Here is a mould for one of these little mandolins as used by Carlo Cecconi in Italy

----------


## roady43

> Here are some more images - the case is not painted yet ...


This is so beautifull. Will you fit it with gut strings or Nylgut and what will the tuning be? (What does 5C exactly mean?).

BTW: For fun I recently bought this funny "Baroque Ukulele" which slightly reminds at the "real stuff". I put Aquila strings on (GDAE, not very authentic but practical for me) which sounds really lovely and nearly clean.

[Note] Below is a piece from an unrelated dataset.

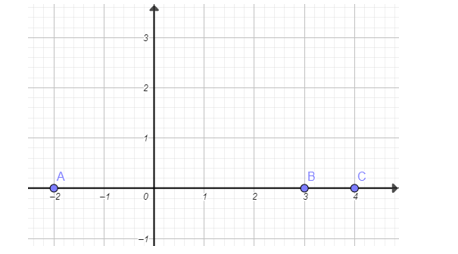 Vẽ một trục tọa độ Oxy và đánh dấu các điểm A(−2; 0), B(3; 0), C(4; 0).

But I will have to adapt the bridge for some compensation for better intonation of the "higher regions". Preferably tuned A=415Hz at the moment (which is fine because I almost exclusively play Bach on it).

This boy gives a quite convincing demonstration of it:
http://www.youtube.com/watch?feature...v=cwM3IgtZVEM#!

roady43

----------

billkilpatrick

----------


## billkilpatrick

i must be getting old - even as recently as a few years ago i would have bought that baroque-uke in a thrice.  yep'.  but as it is, i'm merely going to take advantage of scott's clever little adjunct to the wonderful communication tools made available to us here at the cafe and click the "thanks" button located on the bottom left of your reply.  is this what maturity is all about?  has MAS past?

----------


## Tavy

> This boy gives a quite convincing demonstration of it:
> http://www.youtube.com/watch?feature...v=cwM3IgtZVEM#!


Very convincing, that was some lovely playing!

----------


## Jim Garber

I am not sure but it seems that that Matt Dahlberg is not roady43 -- is that so? -- and that he is playing in std uke tuning not mandolin tuning. Still, very nice playing.

----------


## Eugene

Everything old is new again.  In fifth tuning (g-d'-a'-e'') the "baroq-ulele" is pretty much the same as mandolino cremonese/bresciano of the late 1700s or the mandolino toscano of the late 1800s.  Those instruments wood have been played with plectra fashioned from slivers of cherry.  In fourth tuning, all ukulele's are pretty closely akin to the renaissance guitar for which characters like Mudarra, Le Roy, etc. wrote in the mid 1500s.

----------


## Eugene

I'm guessing "5C" (I'm not sure where in this thread that was typed) is shorthand for "5-course" (five sets of strings in contrast to modern types with four), roady.  Standard tuning for 5-course mandolins of that era was b-e'-a'-d''-g''.  Six-course instruments usually added a low g.

----------


## Eugene

By the way, I have a photo somewhere of a mandolin from Vienna's Stauffer shop of the 1830s that could be passed off as the "baroq-ulele" (without the decorative rose).

----------


## billkilpatrick

> By the way, I have a photo somewhere of a mandolin from Vienna's Stauffer shop of the 1830s that could be passed off as the "baroq-ulele" (without the decorative rose).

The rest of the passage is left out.